Радик Яхин – Алая печать (страница 3)
Она надела платье. Оно оказалось впору – видно, шили на неё, по её меркам, которые кто-то хорошо знал. Серый цвет сливался с утренним сумраком, делал её невидимкой. Но алая буква – она горела в руках, даже в полутьме, даже без солнца.
Кристи приложила её к груди, туда, где под тканью билось сердце. Примерилась. Пальцы дрожали, но не от холода. От того странного чувства, которое она не могла назвать. Не страх. Не стыд. Что-то другое. Может быть, вызов. Может быть, принятие. Может быть, понимание, что отныне это – часть её, как ребёнок, как любовь, как грех.
Она пришила букву кривыми стежками – нитки и игла тоже лежали в свёртке, заботливо вдетые в холстину.

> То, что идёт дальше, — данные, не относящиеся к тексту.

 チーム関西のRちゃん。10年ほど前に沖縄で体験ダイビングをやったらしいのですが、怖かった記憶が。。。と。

Кто-то подумал обо всём. Кто-то хотел, чтобы она была готова. Дуглас? Нет, он не посмел бы. Слишком рискованно. Слишком явно. Кто-то другой, кто жалел её тайно, боясь признаться в этом даже себе.
Когда буква была пришита, Кристи подошла к тазу с водой – той самой, что стояла с первого дня. Вода застоялась, покрылась плёнкой, но другого зеркала не было. Она наклонилась, вглядываясь в тёмное отражение, и увидела женщину с бледным лицом, тёмными кругами под глазами и алой буквой на груди. Буква горела, даже в мутной воде. Горела, как клеймо. Как знак. Как печать.

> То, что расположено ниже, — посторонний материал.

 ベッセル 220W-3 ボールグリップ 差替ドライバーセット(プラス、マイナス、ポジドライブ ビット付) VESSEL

– Теперь ты – Алая, – сказала она своему отражению. – Носи. Неси.
Когда Кристи вышла из дома, солнце уже поднялось, но свет его был холодным, осенним, безжалостно ярким. Она шла по главной улице посёлка к площади, где стоял позорный столб, и каждый шаг давался с трудом, будто ноги вязли в грязи, хотя земля была твёрдой после ночного морозца.
Люди выходили из домов. Кто-то нёс вёдра с водой, кто-то вёл коров на пастбище, кто-то просто стоял на пороге, грея руки о кружку с горячим сидром. И все – все до единого – оборачивались на неё. Взгляды впивались в алую букву, как иглы, как гвозди, как те самые стрелы, которыми, по преданию, был убит святой Себастьян.

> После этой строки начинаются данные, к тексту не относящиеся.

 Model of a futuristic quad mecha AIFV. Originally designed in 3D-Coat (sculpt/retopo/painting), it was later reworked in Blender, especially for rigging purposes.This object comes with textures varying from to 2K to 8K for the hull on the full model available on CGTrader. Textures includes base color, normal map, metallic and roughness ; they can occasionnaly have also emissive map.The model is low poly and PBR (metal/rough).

Одна женщина, молодая, с ребёнком на руках, перешла на другую сторону улицы, чтобы не проходить мимо. Мужчина с телегой, гружённой дровами, остановил лошадь и смотрел в упор, не скрывая любопытства, пока Кристи не поравнялась с ним. Тогда он сплюнул под ноги и дёрнул поводья, заставляя лошадь тронуться, обдав её грязью из-под колёс.
Дети – те были честнее взрослых. Маленькая девочка лет пяти, дочка пекаря, выбежала навстречу, чтобы рассмотреть поближе, но мать выскочила следом, схватила её за руку и втащила обратно в дом, хлопнув дверью так, что задребезжали стёкла. Из-за занавески выглянуло детское личико – и тут же исчезло.
Кристи шла, глядя прямо перед собой. Она не опускала глаз, не прятала букву, не пыталась прикрыть её плащом, хотя плащ был – тот самый, что дали ей вместе с платьем. Она могла бы накинуть его, скрыть алое пятно, сделать вид, что ничего не случилось. Но какой смысл? Спрячешь букву – не спрячешь правду. А правда была в том, что она стояла на этом суде и не отреклась. Правда была в том, что она будет стоять у позорного столба и не сломается. Правда была в том, что она – Алая, и пусть весь мир видит это.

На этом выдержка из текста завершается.